Thursday, March 6, 2014

César Saldaña on Sherry. And where the rain in Spain really falls.

César Saldaña on Sherry. And where the rain really falls.

The rain in Spain doesn’t fall mainly on the plain. That’s the story according to César Saldaña.

And he should know. He is an expert speaker on Jerez, its wines, food, culture and history and,since 2000, has been Director General of the Consejo Regulador de las Denominación de Origen de los Vinos de Jerez. He was in Little Island's impressive Radisson Blu Hotel on Wednesday, with Wines from Spain,presenting two information sessions on Sherry.

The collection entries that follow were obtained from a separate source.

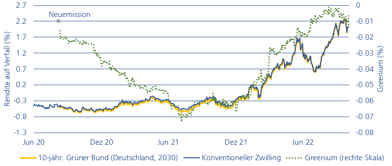 Für den Verfall im Jahr 2030 hat Deutschland eine klassische und grüne Anleihe emittiert. Die identische Laufzeit erleichtert den Vergleich der Renditedifferenz. Die gepunktete grüne Linie zeigt dabei die Greenium. Bei der Emission im Sommer 2020 wurde mit einem Greenium von einem Basispunkt (Bps) emittiert. Diese stieg bis zum Sommer 2021 bis auf 7 Bps. und bewegte sich seither wieder in Richtung einen Basispunkt zurück. Aktuell ist der Ertrag der grünen Anleihe im Vergleich zu klassischen Anleihen einen Basispunkt pro Jahr tiefer.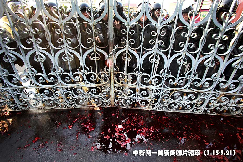 16日(周二),泰國紅衫軍將收集來的鮮血潑灑到總理府,以此向政府施壓。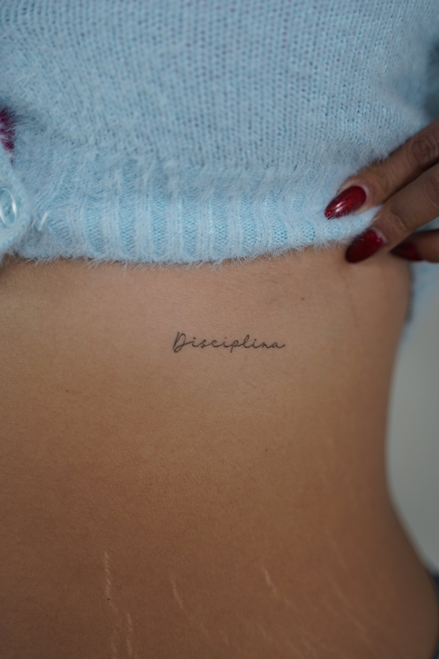 La palabra “disciplina” tatuada en las costillas, una zona que estiliza especialmente las frases horizontales. En este caso mostramos el tatuaje ya curado, donde se aprecia cómo el fineline cicatriza de forma limpia y delicada. Es un diseño minimalista pero con mucha fuerza conceptual.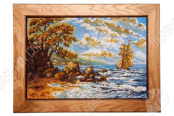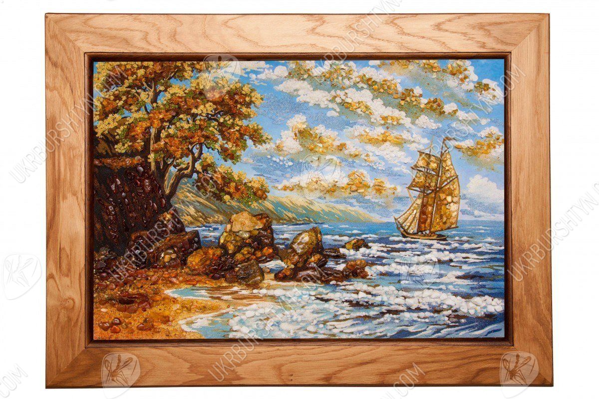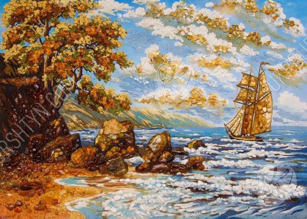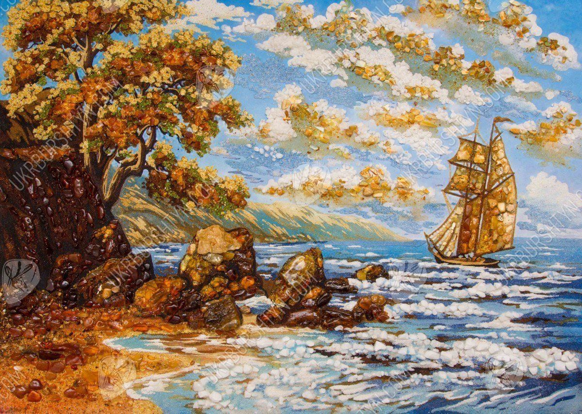 Пейзаж «Парусник» живописно высыпан янтарной крошкой и выложен самоцветами, напоминая о том, что человек рожден для мечты, для полета, для счастья! Картины природы всегда красочны, органичны и колоритны, их можно без труда заказать или купить в нашем интернет-магазине.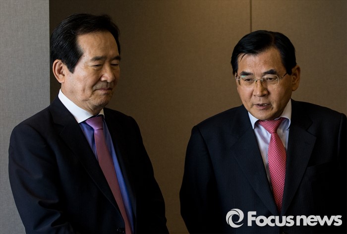 (서울=포커스뉴스) 17일 오후 서울 중구 플라자호텔에서 열린 경제사회발전 노사정위원회 역대 상임위원 간담회에 초대 상임위원을 맡았던 정세균(왼쪽) 더불어민주당 의원과 김대환 위원장이 참석해 대화하고 있다.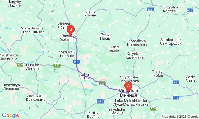Скільки триває поїздка Хмільник — Вінниця?
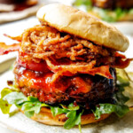 These BBQ Burgers are an amazingly juicy explosion of sweet, tangy, spicy, smokey, crispy deliciousness all at the same time. They’re smothered in homemade BBQ sauce, sharp cheddar, salty bacon, crispy lettuce, juicy tomatoes and crispy onion strings. Of course, all of the toppings are customizable to make it YOUR best burger recipe! I’ve included tips and tricks on how to cook burgers (grilled or stove top), how to make ahead and how to freeze and my secret to the JUCIEST burgers!
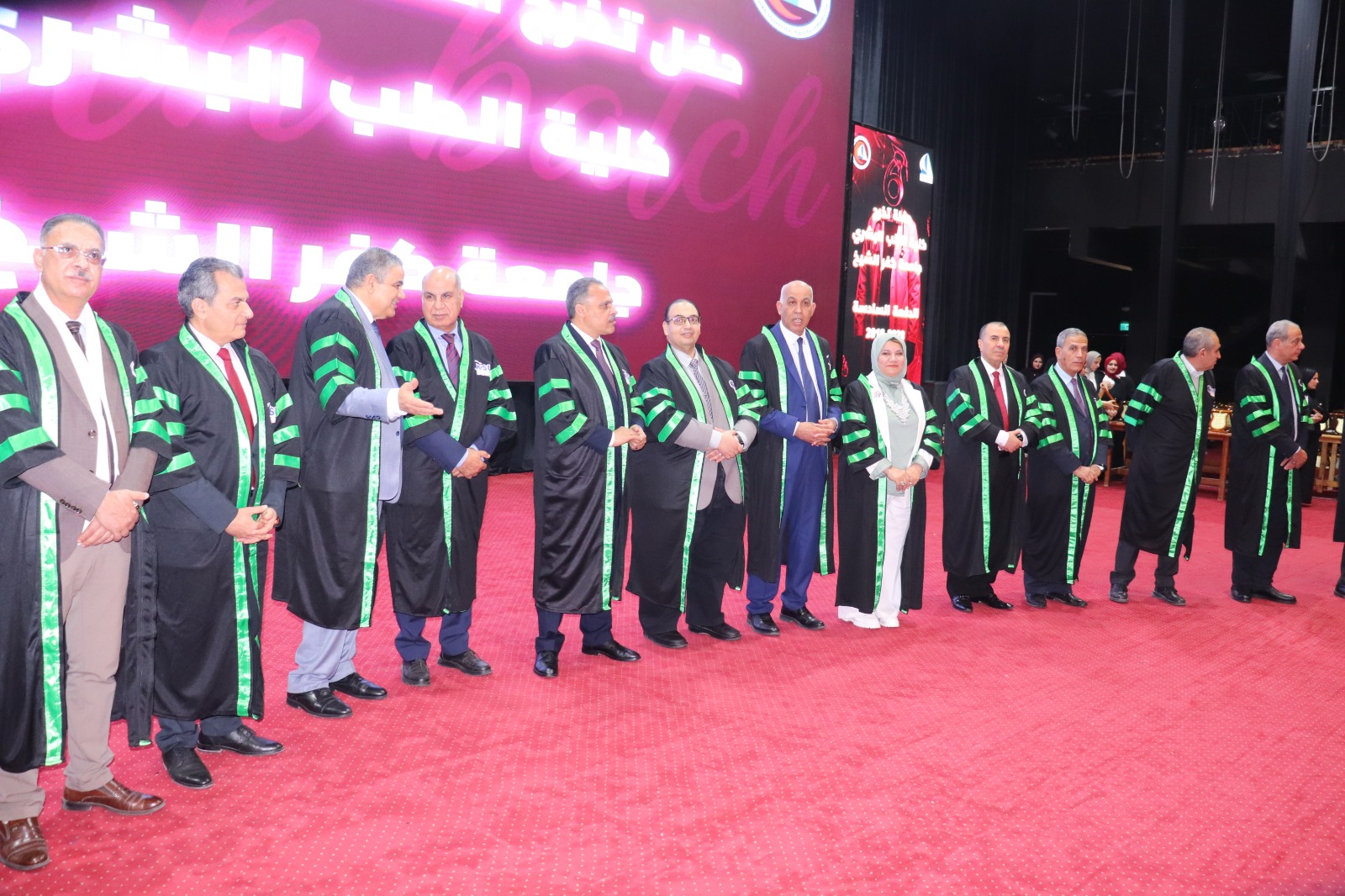 وفي ختام كلمته قدم رئيس الجامعة، خالص التهاني للخريجين، ولأسرهم الكريمة، ولأعضاء هيئة التدريس الذين أدوا رسالتهم بإخلاص، داعيًا الله عز وجل أن يوفقهم، وأن يجعل علمكم وعملكم نورًا وشفاءً، وأن يحفظ مصرنا الغالية، ويديم عليها نعمة الأمن والاستقرار، ويقودها دائمًا نحو التقدم والازدهار.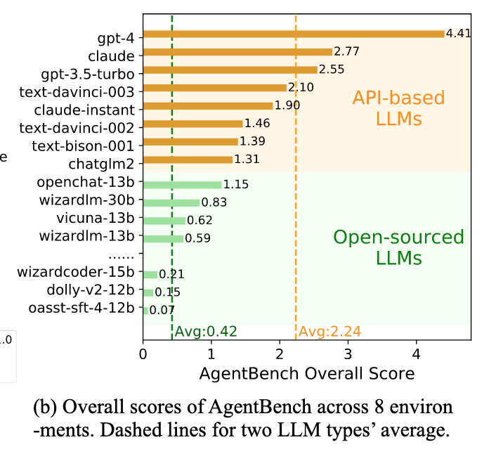 Wyniki testów (w 8 środowiskach) wybranych w badaniu modeli, z podziałem na API i Open-source. Przerywane line wskazują średnią wyników danej grupy. Źródło: arxiv.orgNaukowcy poszli choćby tak daleko, jak twierdzić, iż „najlepsze modele LLM stają się zdolne do radzenia sobie z złożonymi misjami w świecie rzeczywistym”.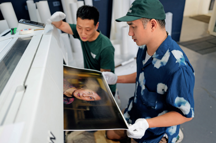·黄觉(右)正在打印照片,照片里的人物是他母亲。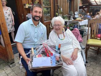 Bei strahlendem Sonnenschein gratulierte der Bürgermeister Patrick Hammerschmidt der Jubilarin Frau Tomczak zu ihrem 90. Geburtstag.
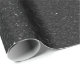 um rolo de papel de contacto de granito preto com uma textura salpicada, enrolado numa extremidade para revelar uma parte inferior prateada, sobre um fundo branco

César says the rain falls mainly on mountain tops in the Jerez area.That rain is important to sherry as is the nearby Atlantic Ocean and the local rivers, especially  the Guadalquivir. They and 300 days of sunshine help make Sherry what it is. As does the local white chalk soil (the Albariza) that captures the water and also reflects the sun upwards to the fruit.

The harvest date is getting earlier, perhaps due to global warming. For the past eight years, it has started in August rather than September as previously. In any event, rapid harvesting is essential.

The protective veil of the Flor
Sherry, as you probably know, has many different styles, from pale to dark, from dry to sweet. The dry comes  from fresh grapes while the sweet comes from grapes that have been late-harvested or sun-dried.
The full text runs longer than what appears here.